Julia Childless: Here's the latest test in my tale of trying to get pregnant.
For many women trying to figure out why they're not getting pregnant, one of the first fertility tests doctors order is the hysterosalpingogram, or HSG (or as I like to call it, "the ink test"). Basically what they do is shoot ink up your vagina and take a bunch of x-rays of your uterus to find out whether your tubes are blocked. Sounds simple enough.
During my yearlong journey of trying to conceive, the ink test came up a number of times. I kept putting it off, because I wanted to try other, less-invasive methods first (sperm count; a Day 3 FSH test) -- but mainly because my insurance wouldn't cover it. And because I'm a little bit squeamish about medical procedures in general (I've never been to a hospital before -- for anything).

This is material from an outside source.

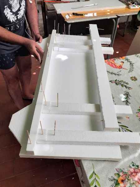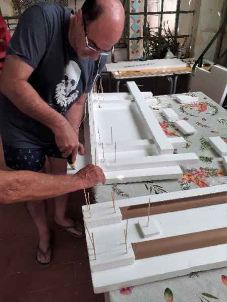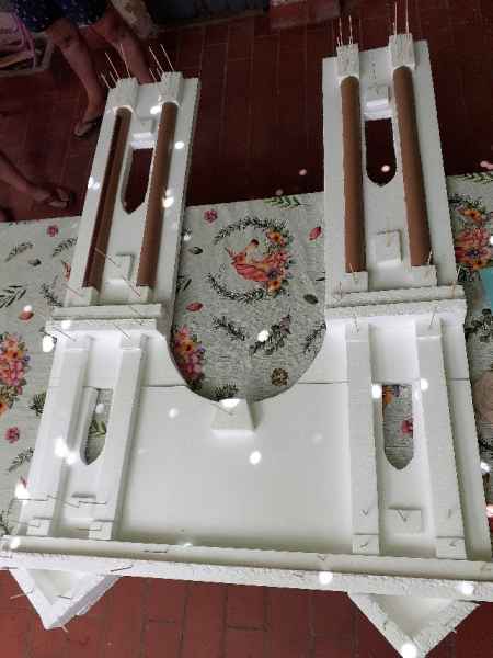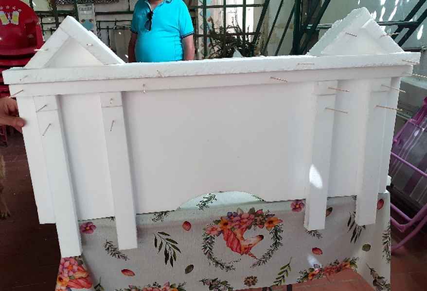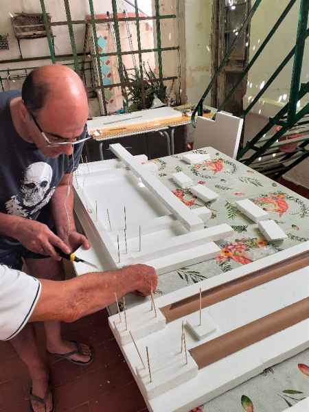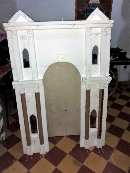 El altar lo realizó de porexpan, dibujó las piezas, las ensambló, las revistió de escayola para su rigidez, la envejeció y el resultado fue este.

But the time had finally come: We had exhausted the other possibilities and needed to find out what was going on with these tubes of mine. Thanks to birth-control pills, my 118-day cycle had ended, and I scheduled the ink test for Day 7 of my new cycle. I had heard from a few friends that it was more uncomfortable than painful, and upon Googling the procedure, I found most message boards echoing that sentiment.
You can easily look up the step-by-step medical process, but I was just concerned with how it felt -- both physically and emotionally. Here's how the experience was for me:
Day 1: I had to get a blood test taken to prove I wasn't pregnant. Considering that I'm on the pill and my period ended the day before (and I haven't been able to get pregnant in 18 months), I already knew the answer. But the radiology department at the hospital that was performing the HSG wanted it, so I got it done.
Day 2: I start taking an antibiotic that my reproductive endocrinologist prescribed. Apparently this is to ward off any possible infection. It comes with all sorts of rules -- "Don't eat for two hours before or after"; "Don't take within two hours of ingesting anything with calcium/iron/magnesium" ....
Day 3 (Test Day): I wake up early and take my antibiotic at 6:30 AM, worried that my 8:30 breakfast and prenatal vitamins will interfere with their potency somehow. I fall back asleep and wake up totally nauseous from the pills. The last thing I want to do is eat breakfast, but I'm told I need to take two to three ibuprofen 1.5 hours before the HSG, so I force down some food.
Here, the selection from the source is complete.